Он щедро дарил моему взору великолепие своих собратьев. У нас был как бы немой заговор с ним. Порой сквозь захмелевший монолог тоста я вдруг ловил его смешливый карий заговорщицкий взгляд, адресованный мне, сообщавший нечто, понятное лишь нам обоим. Казалось, он один был мне сверстником за столом. Эта общность тайного возраста объединяла нас. Часто восторг на его лице сменялся выражением ребячьей обиды, а то и упрямством.
Иногда он просил меня читать собравшимся стихи. Ныряя в холодную воду, дурным голосом я читал, читал…
Тогда по небу летели замурованные в спутник собачки Белка и Стрелка. Жалость по ним провыла в моих строчках:
Эх, Россия!
Эх, размах…
Пахнет псиной
в небесах.
Мимо Марсов,
Днепрогэсов,
мачт, антенн,
фабричных труб
страшным символом прогресса
носится собачий труп…
Особенно пользовалось успехом в олимпийской аудитории описание Первого фестиваля молодежи:
Пляска бутылок,
блузок, грудей —
это в Бутырках
бреют блядей.
Волос под ноль,
волю под ноль —
больше не выйдешь
под выходной…
Одно из стихотворений кончалось так:
Несется в поверья
верстак под Москвой,
а я подмастерье
в его мастерской.
Но при нем я этого не читал.
Это были мои первые чтения на людях.
Иногда я ревновал его к ним. Конечно, мне куда дороже были беседы вдвоем, без гостей, вернее, монологи, обращенные даже не ко мне, а мимо меня – к вечности, к смыслу жизни.

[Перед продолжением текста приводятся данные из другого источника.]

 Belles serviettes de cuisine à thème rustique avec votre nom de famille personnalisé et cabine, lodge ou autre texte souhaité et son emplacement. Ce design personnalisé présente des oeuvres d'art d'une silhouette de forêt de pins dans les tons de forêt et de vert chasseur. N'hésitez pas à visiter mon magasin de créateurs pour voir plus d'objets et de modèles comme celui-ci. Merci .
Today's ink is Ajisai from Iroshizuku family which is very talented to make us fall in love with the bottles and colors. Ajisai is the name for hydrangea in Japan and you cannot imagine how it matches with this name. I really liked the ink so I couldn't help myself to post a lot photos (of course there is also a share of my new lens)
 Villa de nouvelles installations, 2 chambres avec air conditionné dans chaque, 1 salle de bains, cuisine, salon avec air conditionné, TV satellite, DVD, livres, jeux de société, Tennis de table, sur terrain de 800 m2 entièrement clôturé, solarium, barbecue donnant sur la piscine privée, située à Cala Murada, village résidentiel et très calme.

Порою комплекс обидчивости взбрыкивал во мне. Я восставал против кумира. Как-то он позвонил мне и сказал, что ему нравится шрифт на моей машинке, и попросил перепечатать цикл его стихотворений. Естественно! Но для детского самолюбия это показалось обидным – как, он меня за машинистку считает! Я глупо отказался, сославшись на завтрашний экзамен, что было правдою, но не причиною.
Пастернак – подросток.
Есть художники, отмеченные постоянными возрастными признаками. Так, в Бунине и совершенно по-иному в Набокове есть четкость ранней осени, они будто всегда сорокалетние. Пастернак же вечный подросток, неслух – «Я создан богом мучить себя, родных и тех, которых мучить грех». Лишь однажды в стихах в авторской речи он обозначил свой возраст: «Мне четырнадцать лет». Раз и навсегда.
Как застенчив до ослепления он был среди чужих, в толпе, как, напряженно бычась, нагибал шею!..

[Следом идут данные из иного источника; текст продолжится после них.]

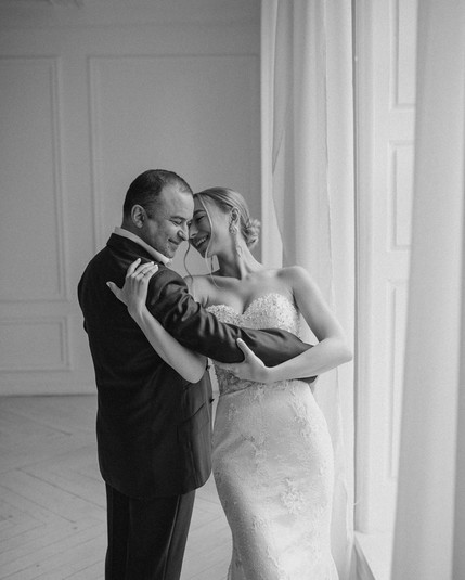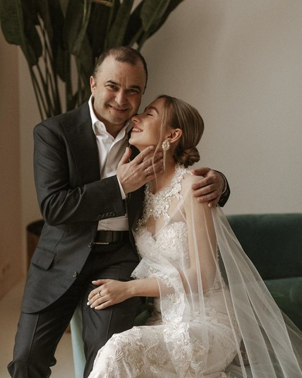 На снимках Виктор Франкович предстает в костюме и белой рубашке, а его возлюбленная – в нежном обтягивающем платье молочного цвета с длинной прозрачной накидкой.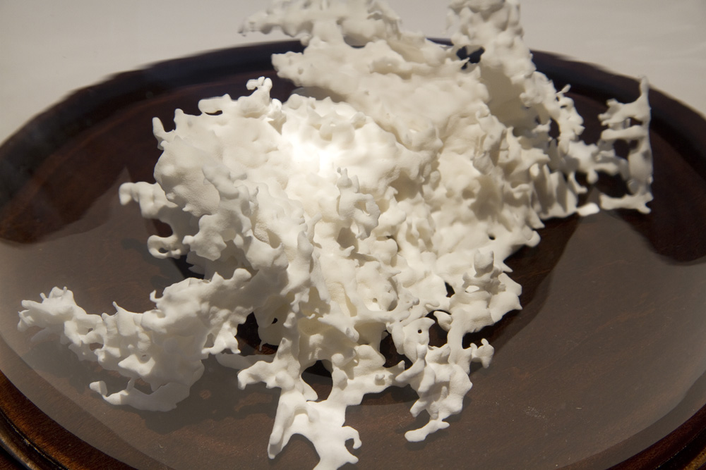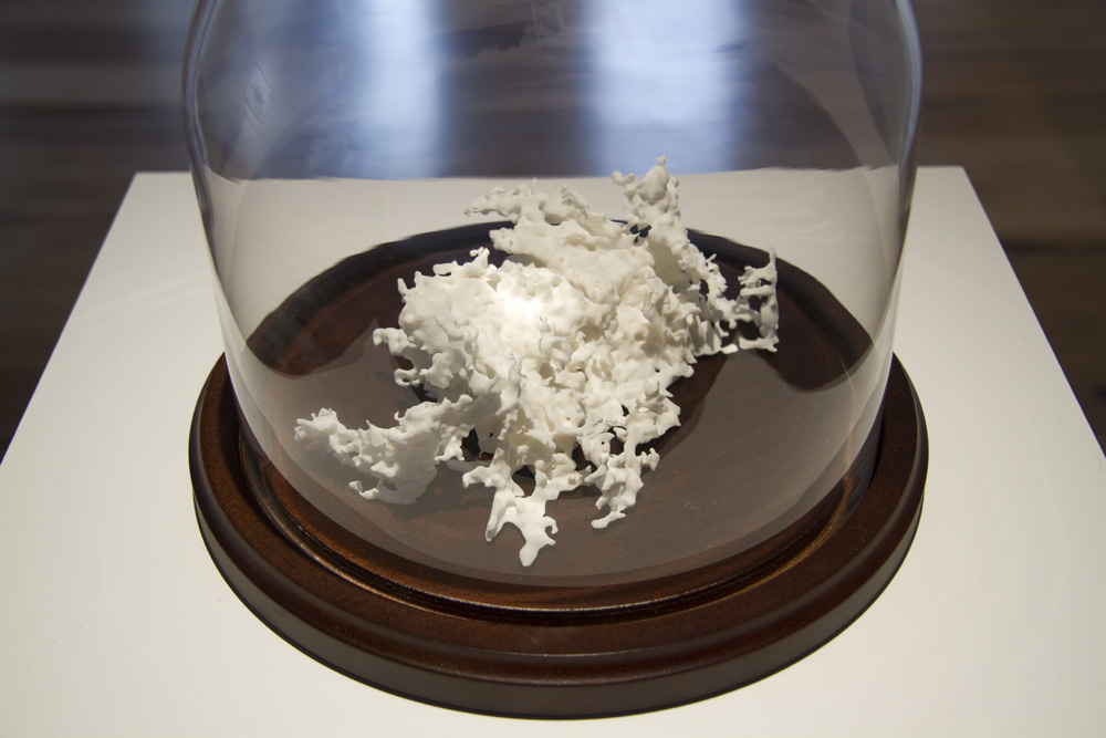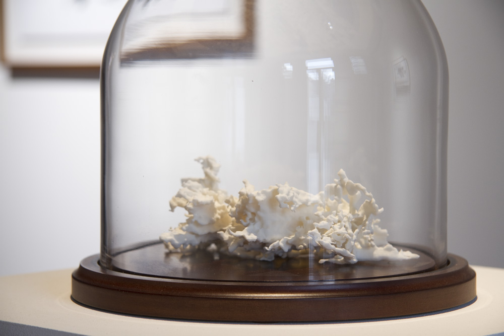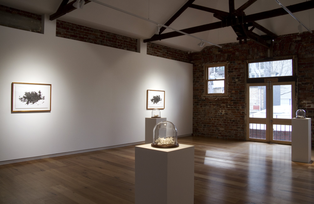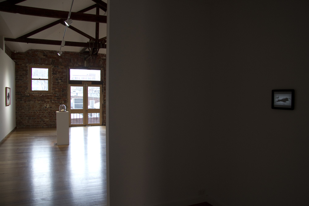 Simon Finn’s new body of complex works are fragments of a simulated tsunami event; a Synthetic Surge. These works continue Finn’s studio-based research into drawing and its connection to digital technologies. Finn uses the sequential images produced by these technologies as preliminary sketches which he extrapolates into a variety of mediums in order to explore spatial and temporal imagery. Synthetic Surge is a collection of meticulous charcoal drawings, digital animation and optical sculptures that reveal the water element of the tsunami event: the devastating virtual force behind the destruction represented in previous works by Finn, such as Pier Collapse Stage 1 (2011). Here, a Synthetic Surge pushes its way through Finn’s process of image construction combining two opposing aspects, detailed systematic assemblage and the concept of destruction. This simultaneous motioning towards assemblage and destruction allows Finn to question notions of temporal sequence and spatial simulation.

Однажды он взял меня с собой в Театр Вахтангова на премьеру «Ромео и Джульетты» в его переводе. Я сидел рядом, справа от него. Мое левое плечо, щека, ухо как бы онемели от соседства, как от анестезии. Я глядел на сцену, но все равно видел его – светящийся профиль, челку. Иногда он проборматывал текст за актером. Постановка была паточная, но Джульеттой была Л.В.